The students' photographs are now on display in Windemere's two dining rooms. Everyone is invited to come into Windemere to see the photographs.

Betsy Burmeister
Recreation Therapy Director For the residents of Windemere

Way to donate

To The Editor:

Last week's M V Times mentioned that "three final vanity plate designs have been selected." This is close, but not quite right. It is not a vanity plate. The plate designs, by Regional High School students, are for the brand-new Martha's Vineyard special license plate, which will sold exclusively to benefit Island nonprofit organizations (in the same way the Red Sox plate benefits the Jimmy Fund).

The license plate will have a logo, to be selected from the three designs depicted on the www.mvdonors.org web site, and the letters M V followed by up to four digits. People may select the number they want, between 200 and 3,000, on a first come, first served basis. They may download the application form after voting, even before the final design is selected, and mail the form plus $40 check to reserve a plate with their favorite number.

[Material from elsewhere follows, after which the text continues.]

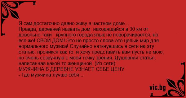 Правда, деревней назвать дом, находящийся в 30 км от довольно таки крупного города язык не поворачивается, но все же! СВОЙ ДОМ! Это не просто слова-это целый мир для нормального мужика! Случайно наткнувшись в сети на эту статью, проникся как то, и хочу представить вам пусть не мою, но очень созвучную с моей точку зрения. Душевная статья, написанная какой-то женщиной. (Из сети)
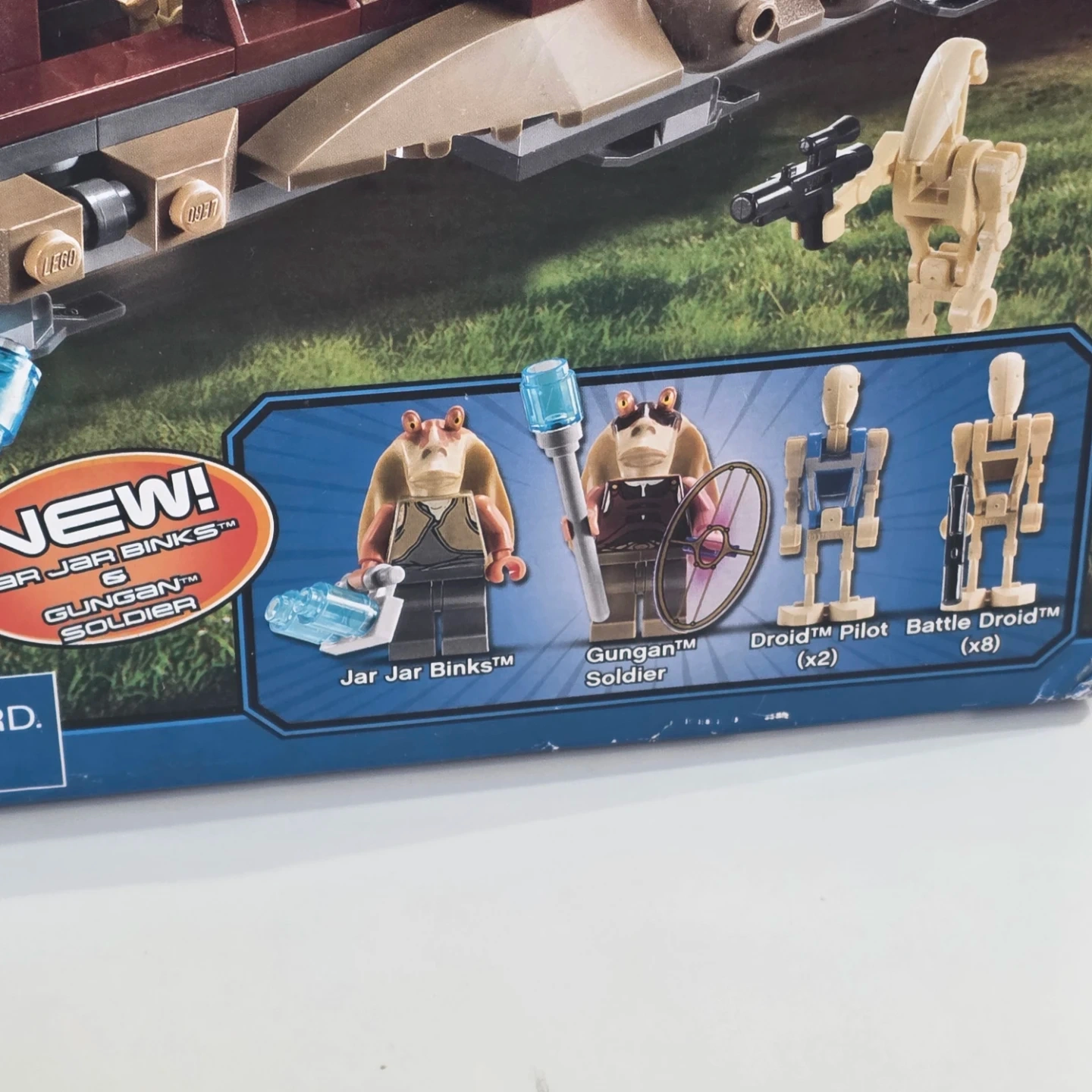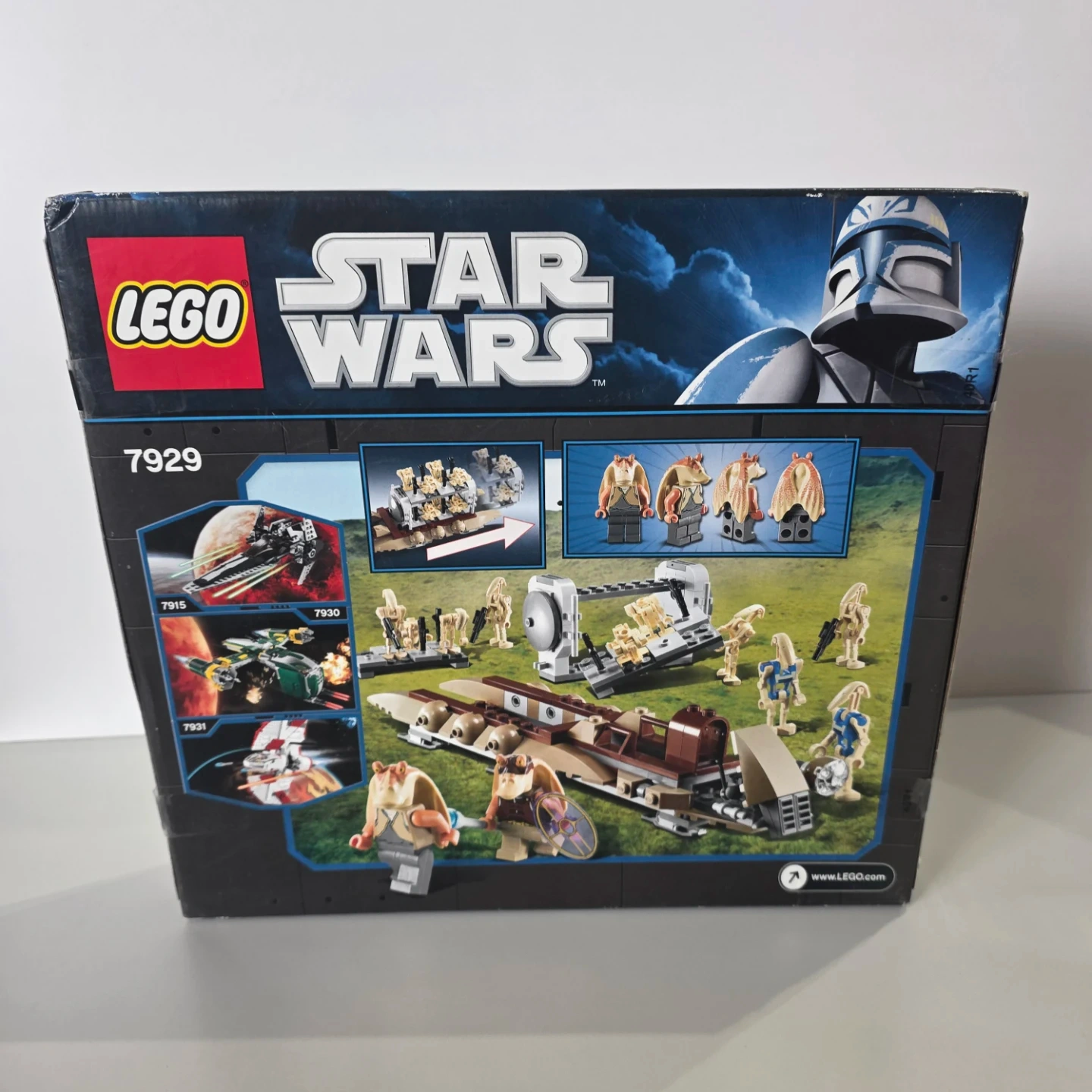 This LEGO set is the 7929 The Battle of Naboo from the Star Wars line. It includes 241 pieces. Build Jar Jar Binks, a Gungan Soldier, and Battle Droids for an epic Star Wars scene!

The lowest 25 numbers will be auctioned, to add to the fund, with a silent auction on eBay starting July 17 and ending August 4.

Beatrice Phear
President
Martha's Vineyard Donors Collaborative

Getting to know you

To the Editor:

On June 12 and 13, the Tisbury School held the second half of the Martha's Vineyard Schools' Brazilian Heritage Festival, begun in Oak Bluffs last April. Once again, children and adults sang, danced, read, recited, learned, and celebrated all things Brazilian. There were maps, posters, art projects, a sub-titled Brazilian movie shown by Richard Paradise of the Martha's Vineyard Film Society, and a fabulous Brazilian lunch prepared by parents. Islanders from Brazil had an opportunity to share with the rest of us about their native country and culture. In the process, Island kids and other wash-ashores got to know some neighbors a little better and shared and explored some of their own experiences in, questions about, and knowledge of other cultures. Lots of people worked very hard making this happen. Kori Thomas led this effort, with support from Rebecca Geary, Maureen de Loach, the staff, parents and students of the Tisbury School, and students from other Island schools. Congratulations and a happy summer to all.

Debbie Hart
English Language Learning Director
Tisbury School

Failing to see the humor - twice

To the Editor:

For the second time, my sign for Martha's Vineyard Framing has been stolen. Last time they just took the closed portion. For additional fun, this time they took the entire sign, using bolt cutters. For even more enjoyment, they came into our yard and egged both our cars.

If someone has a problem with me, they should confront me. If it's just an act of punkish vandalism, I say - grow up.

I work six or seven days in the summer and had to spend a good part of Sunday getting the eggs off both cars, laughing the entire time.

I have been told it is probably young kids with too much time on their hands. May I suggest getting a job, or possibly volunteering to do something constructive, instead of spending your nights being destructive.